开发者 https://www.devze.com 2022-12-14 09:23 出处:网络
I was just reading about the bad practice of casting the return value of malloc. If I understood correctly, it is absolutely legal to leave the cast as it is done implicitly (and should be left, becau

I was just reading about the bad practice of casting the return value of malloc. If I understood correctly, it is absolutely legal to leave the cast as it is done implicitly (and should be left, because of other problems it could generate). Well my question is, when should I then cast my values ? Is there some general rule or something ? For example, this code compiles without any errors with gcc -W -Wall (except unused bar, but that's not the point):

float foo(void) {
    double bar = 4.2;
    return 开发者_开发百科bar;
}

int main(void) {
    double bar = foo();
    return 0;
}

I'm confused now. What are the good practices and the rules about casting ?

Thanks.


There are several situations that require perfectly valid casting in C. Beware of sweeping assertions like "casting is always bad design", since they are obviously and patently bogus.

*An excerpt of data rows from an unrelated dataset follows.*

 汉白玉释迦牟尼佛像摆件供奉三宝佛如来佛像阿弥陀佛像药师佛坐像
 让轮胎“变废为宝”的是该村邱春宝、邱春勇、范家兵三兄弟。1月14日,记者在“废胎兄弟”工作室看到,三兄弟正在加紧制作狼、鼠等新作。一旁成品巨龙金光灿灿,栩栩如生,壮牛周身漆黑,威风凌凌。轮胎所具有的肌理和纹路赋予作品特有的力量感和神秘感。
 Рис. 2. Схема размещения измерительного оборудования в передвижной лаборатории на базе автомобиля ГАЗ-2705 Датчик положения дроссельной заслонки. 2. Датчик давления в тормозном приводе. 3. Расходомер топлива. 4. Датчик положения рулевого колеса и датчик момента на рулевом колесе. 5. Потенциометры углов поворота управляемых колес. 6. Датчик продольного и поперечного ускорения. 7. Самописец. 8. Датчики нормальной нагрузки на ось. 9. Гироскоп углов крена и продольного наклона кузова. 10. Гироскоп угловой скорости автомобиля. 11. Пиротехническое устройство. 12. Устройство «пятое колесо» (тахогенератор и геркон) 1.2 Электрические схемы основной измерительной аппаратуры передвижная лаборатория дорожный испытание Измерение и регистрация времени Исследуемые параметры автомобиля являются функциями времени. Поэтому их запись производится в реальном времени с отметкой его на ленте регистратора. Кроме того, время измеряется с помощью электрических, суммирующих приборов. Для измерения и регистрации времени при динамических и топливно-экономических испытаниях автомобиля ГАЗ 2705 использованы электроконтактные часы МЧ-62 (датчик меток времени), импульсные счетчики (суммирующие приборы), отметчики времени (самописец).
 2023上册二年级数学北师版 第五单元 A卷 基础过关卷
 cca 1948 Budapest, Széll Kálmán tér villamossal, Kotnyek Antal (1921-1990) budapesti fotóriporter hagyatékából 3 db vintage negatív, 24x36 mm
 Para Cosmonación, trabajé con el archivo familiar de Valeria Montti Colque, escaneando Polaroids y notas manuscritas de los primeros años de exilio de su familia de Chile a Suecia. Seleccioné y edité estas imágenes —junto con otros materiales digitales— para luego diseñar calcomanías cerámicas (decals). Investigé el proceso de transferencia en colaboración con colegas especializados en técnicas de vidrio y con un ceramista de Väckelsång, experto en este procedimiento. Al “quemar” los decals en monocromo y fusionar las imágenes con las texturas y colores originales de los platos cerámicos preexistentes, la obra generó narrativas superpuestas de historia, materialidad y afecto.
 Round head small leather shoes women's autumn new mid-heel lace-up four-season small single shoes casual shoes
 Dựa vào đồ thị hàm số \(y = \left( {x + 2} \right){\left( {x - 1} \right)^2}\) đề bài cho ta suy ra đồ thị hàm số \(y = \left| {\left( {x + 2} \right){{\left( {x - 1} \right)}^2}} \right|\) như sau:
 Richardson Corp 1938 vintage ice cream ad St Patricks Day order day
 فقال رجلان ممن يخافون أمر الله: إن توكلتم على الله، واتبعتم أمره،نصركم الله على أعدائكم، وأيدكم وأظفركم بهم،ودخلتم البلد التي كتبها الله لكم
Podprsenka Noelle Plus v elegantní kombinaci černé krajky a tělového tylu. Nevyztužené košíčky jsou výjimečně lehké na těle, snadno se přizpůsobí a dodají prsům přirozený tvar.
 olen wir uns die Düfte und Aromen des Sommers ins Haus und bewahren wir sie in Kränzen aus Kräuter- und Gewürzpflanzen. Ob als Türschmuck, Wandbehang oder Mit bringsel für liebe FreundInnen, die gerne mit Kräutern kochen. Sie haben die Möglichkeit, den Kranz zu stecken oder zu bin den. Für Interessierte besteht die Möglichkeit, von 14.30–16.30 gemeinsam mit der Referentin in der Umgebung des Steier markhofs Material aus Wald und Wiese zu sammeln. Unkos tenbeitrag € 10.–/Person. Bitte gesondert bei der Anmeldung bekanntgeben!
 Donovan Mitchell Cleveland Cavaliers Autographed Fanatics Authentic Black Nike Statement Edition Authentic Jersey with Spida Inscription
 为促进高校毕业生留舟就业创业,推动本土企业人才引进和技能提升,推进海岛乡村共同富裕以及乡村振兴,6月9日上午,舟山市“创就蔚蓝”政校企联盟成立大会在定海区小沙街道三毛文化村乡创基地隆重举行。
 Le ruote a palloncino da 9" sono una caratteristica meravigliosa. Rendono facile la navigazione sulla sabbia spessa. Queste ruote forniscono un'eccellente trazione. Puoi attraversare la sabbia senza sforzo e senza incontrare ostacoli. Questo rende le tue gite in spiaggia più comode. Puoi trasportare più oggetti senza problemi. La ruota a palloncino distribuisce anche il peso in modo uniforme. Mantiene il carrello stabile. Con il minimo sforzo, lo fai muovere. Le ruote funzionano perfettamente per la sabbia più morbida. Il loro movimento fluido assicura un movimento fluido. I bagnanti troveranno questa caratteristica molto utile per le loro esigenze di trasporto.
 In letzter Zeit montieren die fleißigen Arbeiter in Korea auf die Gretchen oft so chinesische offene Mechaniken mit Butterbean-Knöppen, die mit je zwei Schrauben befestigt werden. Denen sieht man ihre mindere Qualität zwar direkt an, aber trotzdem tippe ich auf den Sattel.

One huge group of situations that critically relies on casts is arithmetic operations. The casting is required in situations when you need to force the compiler to interpret arithmetic expression within a type different from the "default" one. As in

unsigned i = ...;
unsigned long s = (unsigned long) i * i;

to avoid overflow. Or in

double d = (double) i / 5;

in order to make the compiler to switch to floating-point division. Or in

s = (unsigned) d * 3 + i;

in order to take the whole part of the floating point value. And so on (the examples are endless).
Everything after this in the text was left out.